The stimuli-responsive nanocarriers have been rationally designed and developed by considering different pathological profiles in normal tissues, intracellular compartment and tumor microenvironment, to increase drug delivery specificity, efficacy and biological activities (Figure 1) ^23-29. In general, the nanocarriers could response to external stimuli, including magnetic field, temperature (i.e., thermal), ultrasound, light (e.g., laser) and electronic field, etc., and internal stimuli, including pH, ATP, H₂O₂, enzyme, redox-potential, and hypoxia etc., while the stimuli could be appeared in tumor microenvironment or inside cancer cells (Figure 1). The stimuli- sensitive functions facilitate on-demand or controlled drug release, promoted tumor accumulation, ligand exposure, drug or probe activation, nanoparticle structure or size conformation, charge conversion, as well as signaling in specific positions, sensing of special pathological factors/molecules, tumor-specific diagnosis and theranostics (Figure 1). Moreover, the external force (i.e., stimuli) could also alert the biological performances of nanocarriers, for example, the external magnetic field could increase the accumulation of magnetic nanocarriers in tumors. Furthermore, the stimuli could also be applied to provoke biological activities of certain prodrug- formulated nanocarriers in diseased regions/cells for precision therapy. In addition, the stimuli-responsive nanocarriers were reported to overcome multidrug resistance in cancer treatment ³⁰.

Figure 1.

The stimuli-responsive nanocarriers for drug delivery to tumors towards precision imaging, effective therapy and theranostics. The nanocarriers could accumulate and penetrate tumors, and target cancer cells for achieving different applications and functions by responding to the external and internal stimuli.
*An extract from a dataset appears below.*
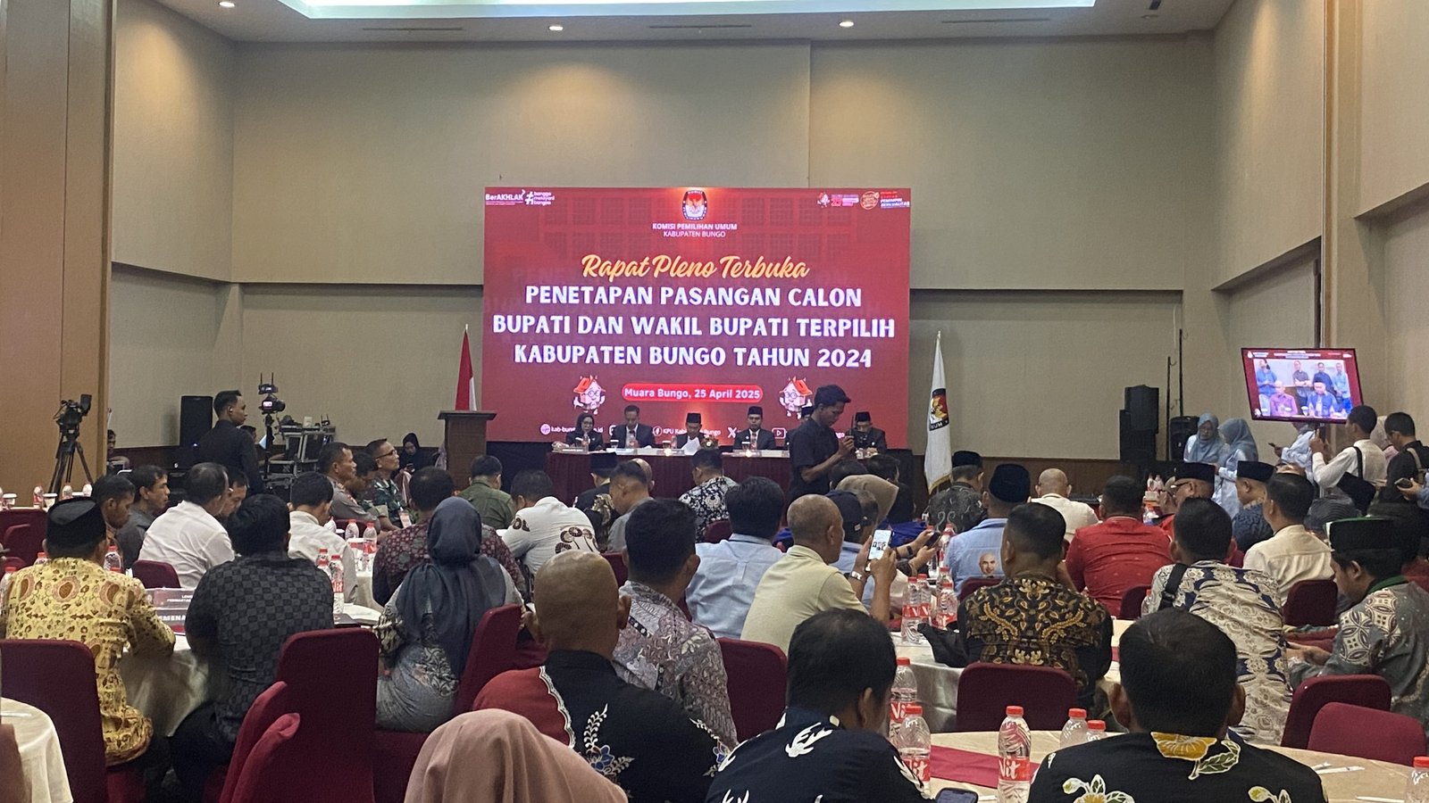 Hal tersebut disampaikan KPU Bungo pada rapat pleno terbuka penetapan pasangan Calon Bupati dan Wakil Bupati terpilih yang dihadiri oleh kedua tim pasangan calon dan sejumlah pihak terkait.

This review has summarized recent progress and achievements in nanocarriers that responsive to external or internal stimuli, presented different stimuli-sensitive strategies and their applications in drug delivery, tumor imaging, therapy and theranostics. In the following sections, the clinical translation of stimuli-responsive nanocarriers has been illustrated, and finally the perspectives were made.

External-responsive nanocarriers

The external stimuli, mainly including thermal, magnetic field, electronic field, ultrasound and light, could affect the fate of nanocarriers inside the biological systems. With the external stimuli, it facilitates enhancing the accumulation of nanocarriers in desired regions with outer forces (e.g., magnetic field), controlled release, intracellular drug delivery, as well as activated imaging and therapy. There are several advantages of applying external-stimuli for drug delivery to tumors: (1) it could precisely control the location and intensity of given external stimuli (e.g., magnetic field, laser irradiation); (2) the external stimuli could be added or removed depending on the treatment requirement; (3) multiple external stimuli could be overlaid for achieving multifunction in cancer theranostics; (4) the possibility to provide multi-times or continuous (e.g., several hours or days) stimuli for drug delivery and therapy. However, the externally-directed triggers would be impractical for accessing and treating the metastatic lesions, when their location is uncertain. Here, the application of external stimuli-responsive nanocarriers will be discussed in this section.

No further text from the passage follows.